I'm still trying to decide whether this is just self-promoting-spam, or actually a useful post.

Dave, what do you think?


Mark, apart from starting your first post promoting yourself, would you care to contribute to the rest of the forum as well?

----------


## Dave A

> Dave, what do you think?


I feel much as you do. I let it run to get opinions  :Wink: 

Cloud computing is one of those buzzwords floating around at the moment. I get the basic idea, but at this point I'm not sure what the key deciding points are when assessing the value of going this route against using "conventional" systems. So at this time almost any discussion on the subject would seem to be of *some* value - even if all it achieves is to establish what is junk.

----------


## daveob

This concept of Cloud Computing is fine - but not here and not now.

Why not ?

Well, you remember the days of the old XT PC, running DOS, later replaced with the bells and whistles of Windows 3.11. Ever since then, all upgrades in operating systems and raw PC power, have been praised and comments often heard along the lines of "I can work twice as fast" and the likes. Often you would upgrade to a new PC and just couldn't believe how much faster it was compared to your last model.

Well, in my opinion, in South Africa, this Cloud concept would take us back to the level of Windows 3.11.

Only yesterday I was doing some maintenance work on our SA based online database which is used by php script on our web sites. Now I have a 4mb ( well, that's the spec, anyway ) ADSL line, and the time delays to update records, search, go to the next page, etc, were agonising.  Compared to what I can do in a fraction of the time in Access on my local PC, there just is no comparison.

At one point, I considered moving our client management database online. The biggest stumbling block I found was the bandwidth which would slow down our ability to give prompt service to clients. At the moment, a client calls in, I know from the caller ID on my phone who it is, and before they even speak, I have their complete details on the screen in front of me. Now imagine telling the client to hold for a few minutes while you retreive their details off the internet.  ( thinking about it, maybe Telkom have already gone this route ).

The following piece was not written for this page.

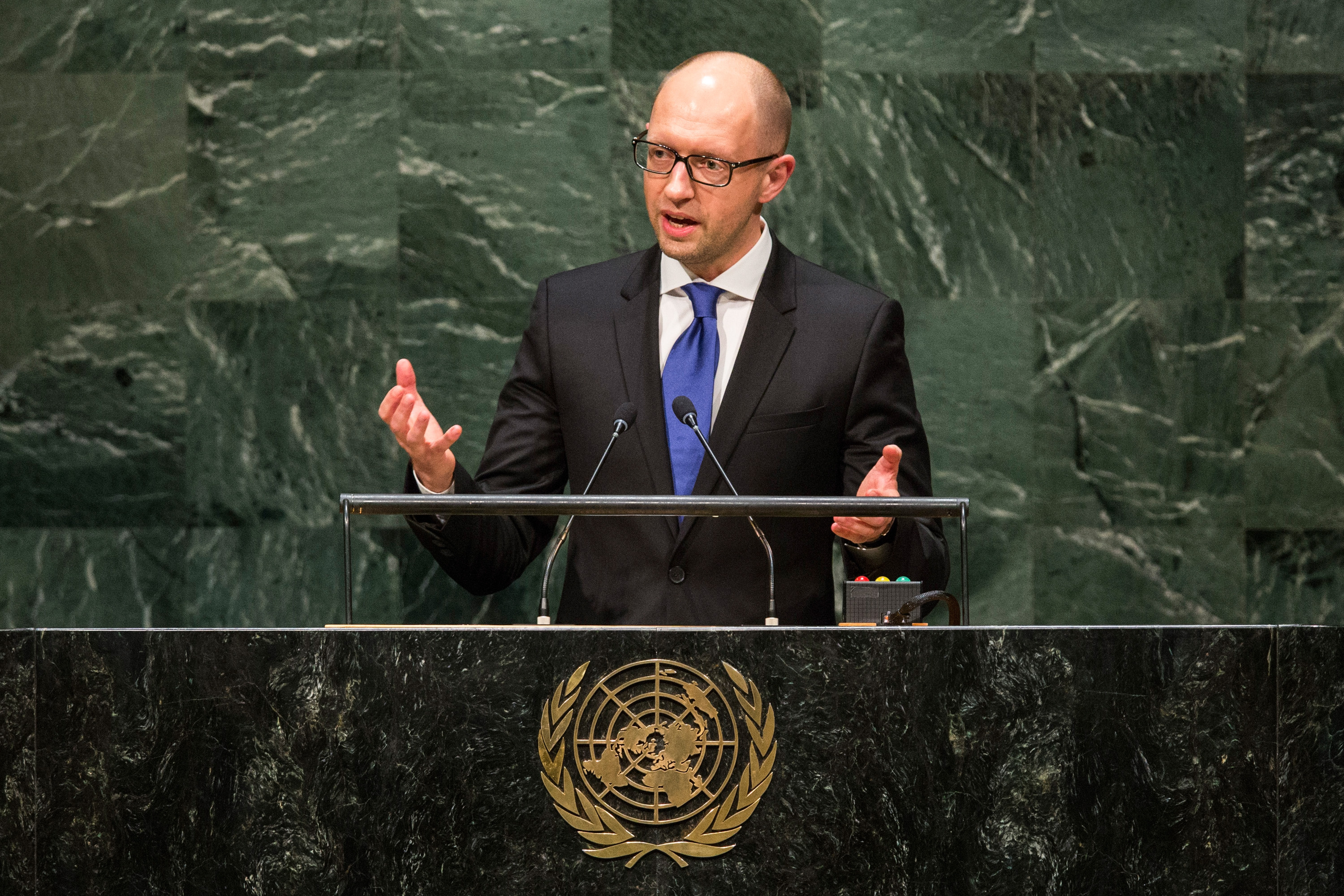 Свою небольшую речь на заседании Генеральной Ассамблеи ООН Арсений Яценюк посвятил российскому вмешательству в дела Украины. В основе конфликта лежит вторжение России на украинскую территорию, российские войска, заявил он, находятся на востоке Украины. Россия, по его словам, должна вывести из этих районов свои силы, свою артиллерию, прекратить снабжение "террористов", восстановить контроль на украино-российской границе и начать реальные переговоры. Киев не верит Москве. И Яценюк представил санкции как инструмент убеждения России: "Мы воспринимаем эти санкции как путь к началу переговоров и к разработке мирного соглашения. Мы не верим словам. Мы верим делам". Заключительную фразу выступления премьер-министра Украины в ООН широко цитирует американская пресса:

Now if you're in a first world country where you have a 1Tb line, it might be a different story. But if you want to have your employees doing faster work and less sitting around, I wouldn't recommend the Cloud concept at the moment.

----------

Dave A (16-Mar-10)

----------


## tec0

Cloud computing sounds like it will be fun for our service providers because they will be able to control our information and our ability to access the servers that is situated across the world. Basically it is a guaranteed income for your fat-cat service providers. 

Taking into consideration that all your data will be striped across networks across the world might make it more difficult for supper hackers but it will also mean that all your servers will have to be connected to the internet permanently and that all your users will basically access the net 24 7 and this is where data cost comes to play. 

Basically your internet traffic will kill your business. In South Africa cloud computing will be just too expensive

----------


## MarkH

I'm glad that such objective discussion has been triggered on this topic. Very valid points have been presented, i'd like to go through them:
1. The concept is as old as hotmail, yahoo, amazon, ebay and many others. 
2. bandwidth, agreed! just like you can't sell TVs in a place with no electric power services.. BUT, let's remember also that internet services have advanced a lot (a lot) and the need for faster connections is not imposed only by SaaS, Youtube, Facebook and P2P services require high bandwidth and ISPs have no option but to cope with that.. it will happen at different speeds here and there, but the fact that ISPs will cope with is not arguable.
3. security: businesses including multinationals depend on internet services (email, backup (ironmountain), online banks, etc).. security precautions are always there.. and they work pretty well so far.

on the other hand, the advantages are so obvious in terms of lowering the cost of implementation, no upgrades, no training, to name but a few..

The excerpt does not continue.